Task to complete — Transcribe, exactly and in full, every record shown below, while omitting its images.

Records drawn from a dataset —
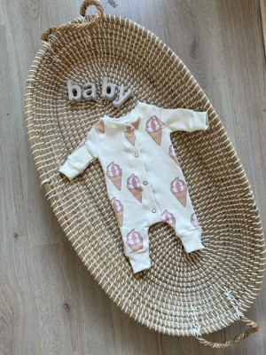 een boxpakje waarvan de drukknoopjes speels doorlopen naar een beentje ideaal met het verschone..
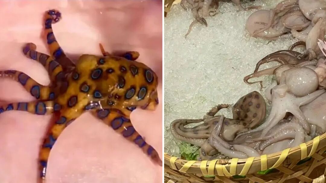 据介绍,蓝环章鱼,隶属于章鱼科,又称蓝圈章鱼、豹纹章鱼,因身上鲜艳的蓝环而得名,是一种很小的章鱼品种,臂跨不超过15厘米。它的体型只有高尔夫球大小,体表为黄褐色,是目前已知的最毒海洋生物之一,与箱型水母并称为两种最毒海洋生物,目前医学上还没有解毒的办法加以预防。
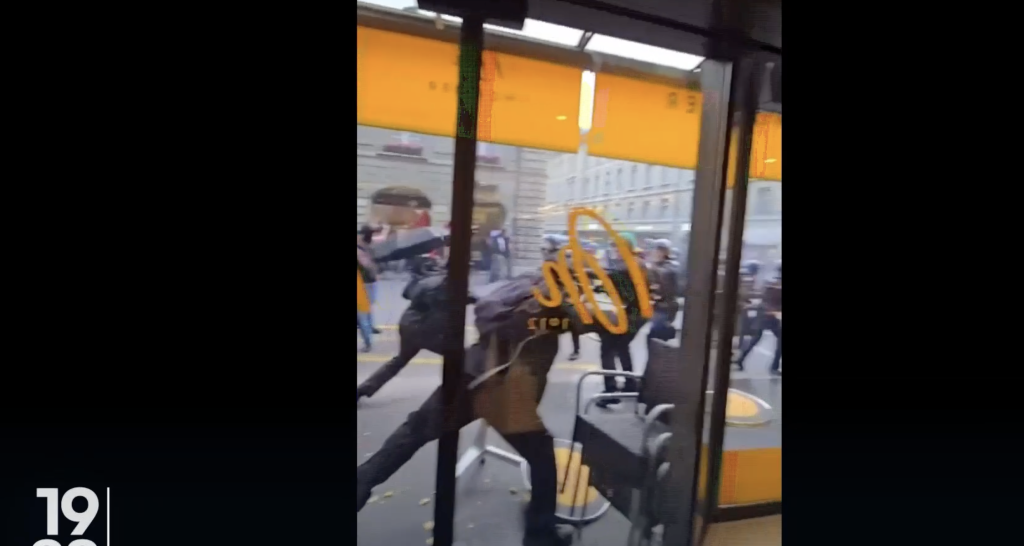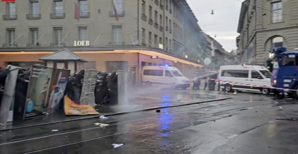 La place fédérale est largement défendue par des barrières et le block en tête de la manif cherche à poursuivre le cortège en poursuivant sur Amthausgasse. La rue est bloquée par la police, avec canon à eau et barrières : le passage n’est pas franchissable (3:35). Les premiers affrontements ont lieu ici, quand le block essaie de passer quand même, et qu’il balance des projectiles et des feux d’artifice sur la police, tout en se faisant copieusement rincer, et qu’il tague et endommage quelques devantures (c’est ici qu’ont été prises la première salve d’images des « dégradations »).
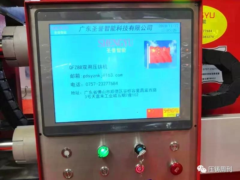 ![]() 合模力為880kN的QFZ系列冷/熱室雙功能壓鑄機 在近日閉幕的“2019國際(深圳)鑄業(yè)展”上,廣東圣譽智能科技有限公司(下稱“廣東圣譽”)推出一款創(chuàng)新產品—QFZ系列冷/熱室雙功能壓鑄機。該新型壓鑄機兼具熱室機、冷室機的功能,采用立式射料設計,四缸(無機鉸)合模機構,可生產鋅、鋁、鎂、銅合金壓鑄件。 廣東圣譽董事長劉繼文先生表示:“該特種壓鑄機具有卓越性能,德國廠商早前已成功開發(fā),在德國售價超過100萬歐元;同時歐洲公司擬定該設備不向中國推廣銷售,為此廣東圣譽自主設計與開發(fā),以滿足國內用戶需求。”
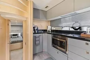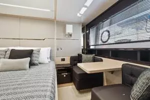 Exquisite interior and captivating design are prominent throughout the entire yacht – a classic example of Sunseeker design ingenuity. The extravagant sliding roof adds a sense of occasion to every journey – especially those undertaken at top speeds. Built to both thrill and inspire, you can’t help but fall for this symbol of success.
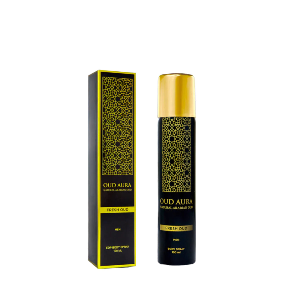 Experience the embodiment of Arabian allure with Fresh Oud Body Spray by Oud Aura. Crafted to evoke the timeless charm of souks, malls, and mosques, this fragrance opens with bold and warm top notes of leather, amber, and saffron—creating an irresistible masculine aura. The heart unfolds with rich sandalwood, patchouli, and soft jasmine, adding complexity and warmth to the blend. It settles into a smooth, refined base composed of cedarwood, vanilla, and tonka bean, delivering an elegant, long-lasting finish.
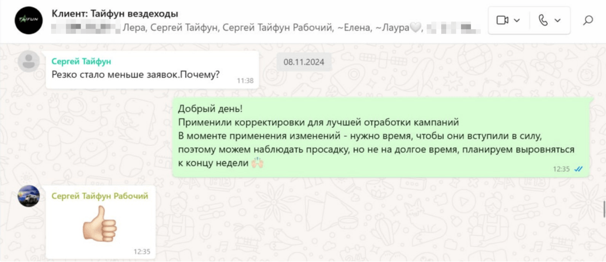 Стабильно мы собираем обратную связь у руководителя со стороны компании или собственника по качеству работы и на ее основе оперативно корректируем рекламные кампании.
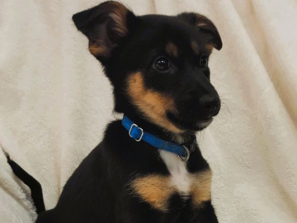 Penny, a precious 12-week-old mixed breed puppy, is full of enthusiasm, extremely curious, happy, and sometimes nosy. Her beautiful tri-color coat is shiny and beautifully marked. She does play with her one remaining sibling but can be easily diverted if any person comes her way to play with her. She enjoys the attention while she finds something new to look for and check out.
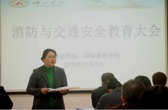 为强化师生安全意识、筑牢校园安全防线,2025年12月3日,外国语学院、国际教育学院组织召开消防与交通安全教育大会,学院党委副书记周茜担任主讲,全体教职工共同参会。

Written reply —
 een boxpakje waarvan de drukknoopjes speels doorlopen naar een beentje ideaal met het verschone..
 据介绍,蓝环章鱼,隶属于章鱼科,又称蓝圈章鱼、豹纹章鱼,因身上鲜艳的蓝环而得名,是一种很小的章鱼品种,臂跨不超过15厘米。它的体型只有高尔夫球大小,体表为黄褐色,是目前已知的最毒海洋生物之一,与箱型水母并称为两种最毒海洋生物,目前医学上还没有解毒的办法加以预防。
 La place fédérale est largement défendue par des barrières et le block en tête de la manif cherche à poursuivre le cortège en poursuivant sur Amthausgasse. La rue est bloquée par la police, avec canon à eau et barrières : le passage n’est pas franchissable (3:35). Les premiers affrontements ont lieu ici, quand le block essaie de passer quand même, et qu’il balance des projectiles et des feux d’artifice sur la police, tout en se faisant copieusement rincer, et qu’il tague et endommage quelques devantures (c’est ici qu’ont été prises la première salve d’images des « dégradations »).
 ![]() 合模力為880kN的QFZ系列冷/熱室雙功能壓鑄機 在近日閉幕的“2019國際(深圳)鑄業(yè)展”上,廣東圣譽智能科技有限公司(下稱“廣東圣譽”)推出一款創(chuàng)新產品—QFZ系列冷/熱室雙功能壓鑄機。該新型壓鑄機兼具熱室機、冷室機的功能,采用立式射料設計,四缸(無機鉸)合模機構,可生產鋅、鋁、鎂、銅合金壓鑄件。 廣東圣譽董事長劉繼文先生表示:“該特種壓鑄機具有卓越性能,德國廠商早前已成功開發(fā),在德國售價超過100萬歐元;同時歐洲公司擬定該設備不向中國推廣銷售,為此廣東圣譽自主設計與開發(fā),以滿足國內用戶需求。”
 Exquisite interior and captivating design are prominent throughout the entire yacht – a classic example of Sunseeker design ingenuity. The extravagant sliding roof adds a sense of occasion to every journey – especially those undertaken at top speeds. Built to both thrill and inspire, you can’t help but fall for this symbol of success.
 Experience the embodiment of Arabian allure with Fresh Oud Body Spray by Oud Aura. Crafted to evoke the timeless charm of souks, malls, and mosques, this fragrance opens with bold and warm top notes of leather, amber, and saffron—creating an irresistible masculine aura. The heart unfolds with rich sandalwood, patchouli, and soft jasmine, adding complexity and warmth to the blend. It settles into a smooth, refined base composed of cedarwood, vanilla, and tonka bean, delivering an elegant, long-lasting finish.
 Стабильно мы собираем обратную связь у руководителя со стороны компании или собственника по качеству работы и на ее основе оперативно корректируем рекламные кампании.
 Penny, a precious 12-week-old mixed breed puppy, is full of enthusiasm, extremely curious, happy, and sometimes nosy. Her beautiful tri-color coat is shiny and beautifully marked. She does play with her one remaining sibling but can be easily diverted if any person comes her way to play with her. She enjoys the attention while she finds something new to look for and check out.
 为强化师生安全意识、筑牢校园安全防线,2025年12月3日,外国语学院、国际教育学院组织召开消防与交通安全教育大会,学院党委副书记周茜担任主讲,全体教职工共同参会。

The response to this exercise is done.